Much here to amuse the eye and engage the mind. Come visit sometime.



Two homoerotic angels for a Sunday morning

May 21, 2023

(Warning: There will be genitally explicit male nude art works, if that sort of thing offends you. On the other hand, it’s Art, and we should all be able to take it in stride.)

From Pinterest this morning, where the drawings weren’t sourced:

(#1) Google Images identifies this as an Japanese anime drawing, but I haven’t been able to place it in the context of any particular story (but if you’re into this sort of thing, that’s one hot angel-boy)

(#2) This turns out to be a hematite-red monochrome drawing (artist not identified) based on the 2011 painting Fallen Angel by Italian artist Roberto Ferri, which WikiArt describes as “neo-baroque” and “kitsch” in the religious painting genre (more on Ferri below)

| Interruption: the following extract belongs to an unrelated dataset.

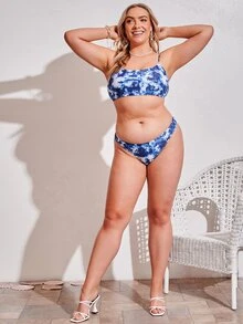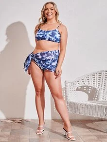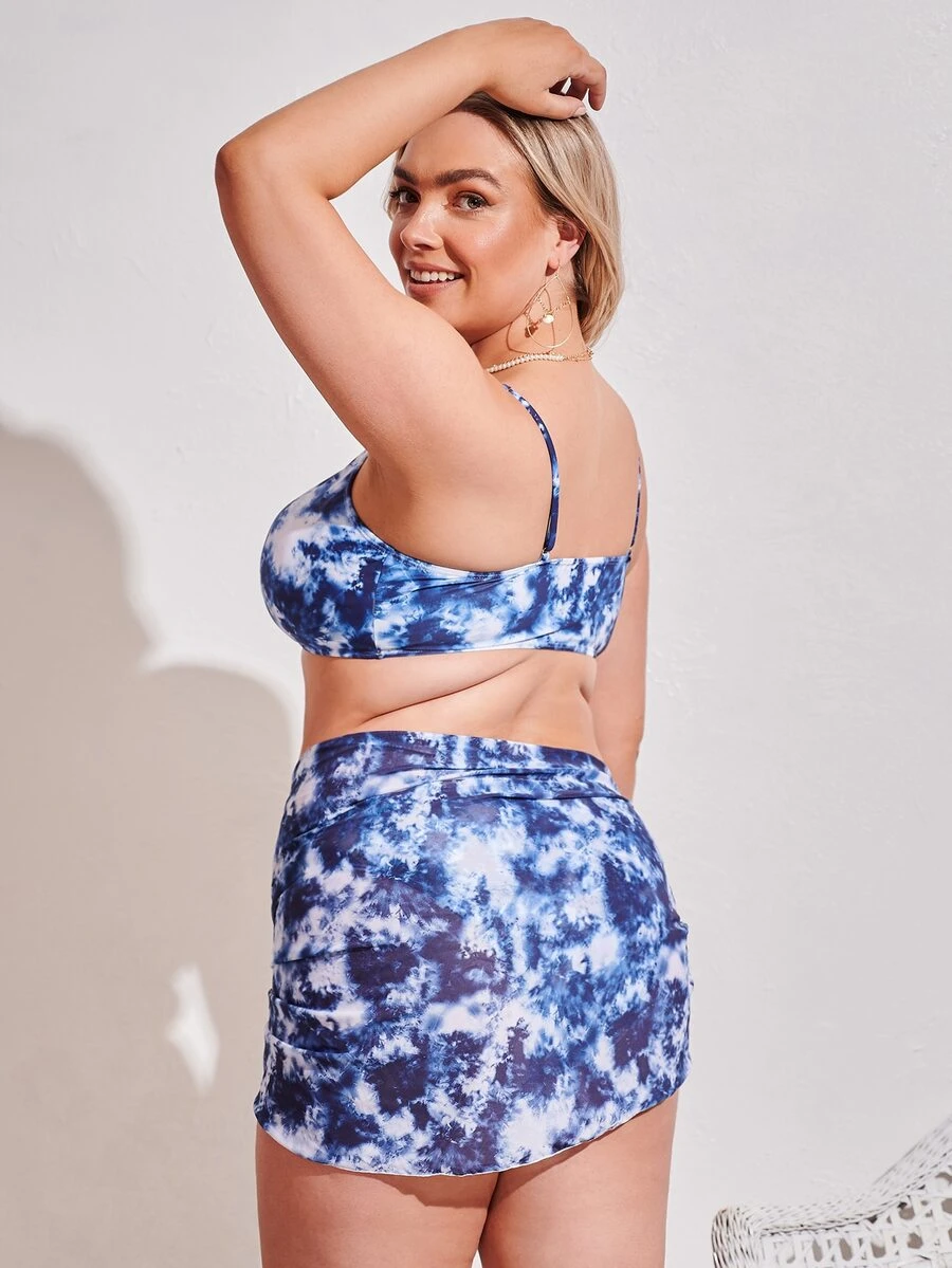 Plus Size 3packs Tie Dye Bikini Set & Beach Skirt Summer Beach

I suspect that it’s the homoeroticism of Fallen Angel — it’s not pure art, it’s sullied by the stink of faggot desire — that causes WikiArt to describe it as kitsch.

(This version of the Ferri is also a genitally explicit male nude, while the Ferri original (#3 below), though homoerotic, is genitally innocent.)

Veteran readers of this blog will know that I have a thing for winged men, especially if they have an actual homoerotic edge to them, as these two drawings do. (Well, as I note every so often, I am in fact a faggot with a very strong sex drive, so homoerotic art resonates with me, especially if it’s well done as art.)